Task prompt:
All the lines below need retyping exactly, apart from the images.

Given entries:

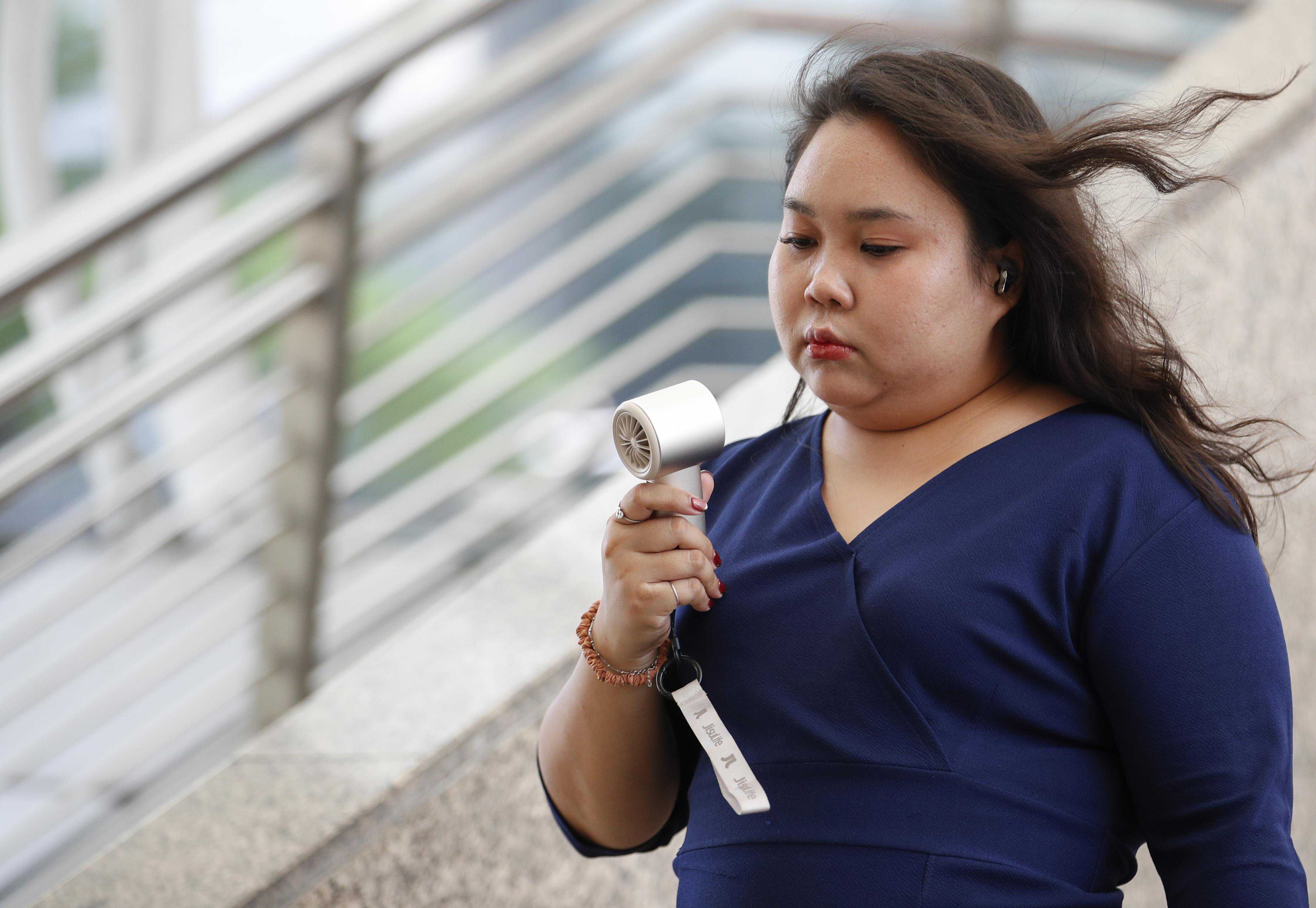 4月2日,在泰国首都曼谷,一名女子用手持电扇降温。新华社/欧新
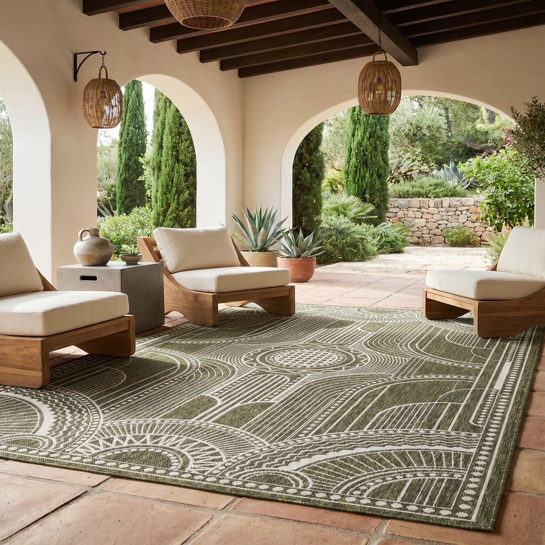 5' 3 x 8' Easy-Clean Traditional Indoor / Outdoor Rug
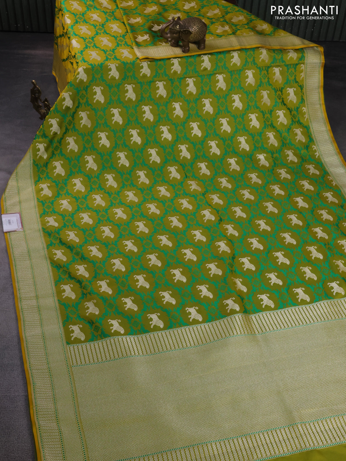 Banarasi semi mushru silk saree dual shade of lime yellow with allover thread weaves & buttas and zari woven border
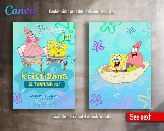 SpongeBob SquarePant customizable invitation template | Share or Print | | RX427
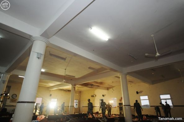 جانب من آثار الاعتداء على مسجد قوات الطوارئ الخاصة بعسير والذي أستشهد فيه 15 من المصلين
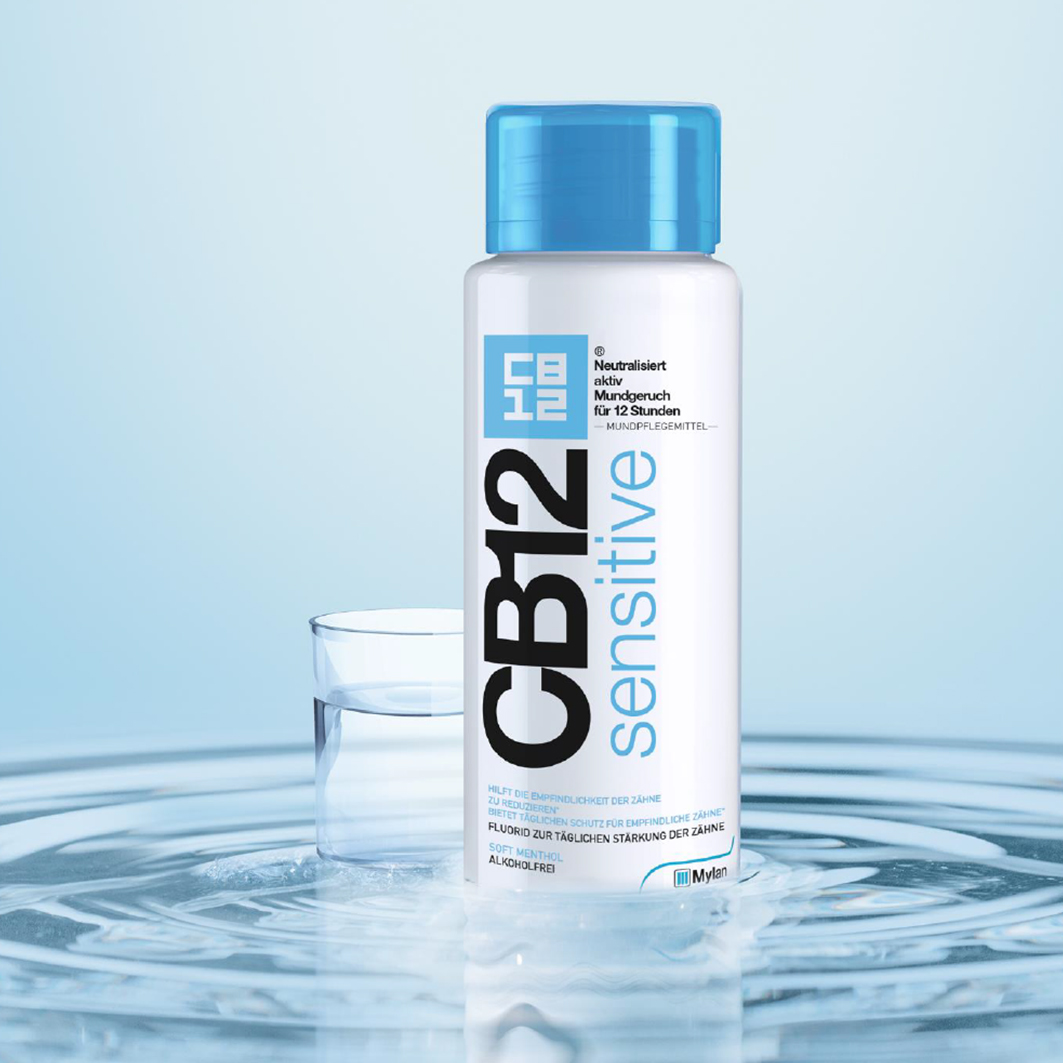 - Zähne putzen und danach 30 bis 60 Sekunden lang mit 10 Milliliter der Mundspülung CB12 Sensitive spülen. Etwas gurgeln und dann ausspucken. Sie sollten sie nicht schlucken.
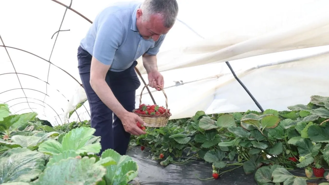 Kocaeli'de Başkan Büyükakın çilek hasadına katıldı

Reply to the exercise:
 4月2日,在泰国首都曼谷,一名女子用手持电扇降温。新华社/欧新
 5' 3 x 8' Easy-Clean Traditional Indoor / Outdoor Rug
 Banarasi semi mushru silk saree dual shade of lime yellow with allover thread weaves & buttas and zari woven border
 SpongeBob SquarePant customizable invitation template | Share or Print | | RX427
 جانب من آثار الاعتداء على مسجد قوات الطوارئ الخاصة بعسير والذي أستشهد فيه 15 من المصلين
 - Zähne putzen und danach 30 bis 60 Sekunden lang mit 10 Milliliter der Mundspülung CB12 Sensitive spülen. Etwas gurgeln und dann ausspucken. Sie sollten sie nicht schlucken.
 Kocaeli'de Başkan Büyükakın çilek hasadına katıldı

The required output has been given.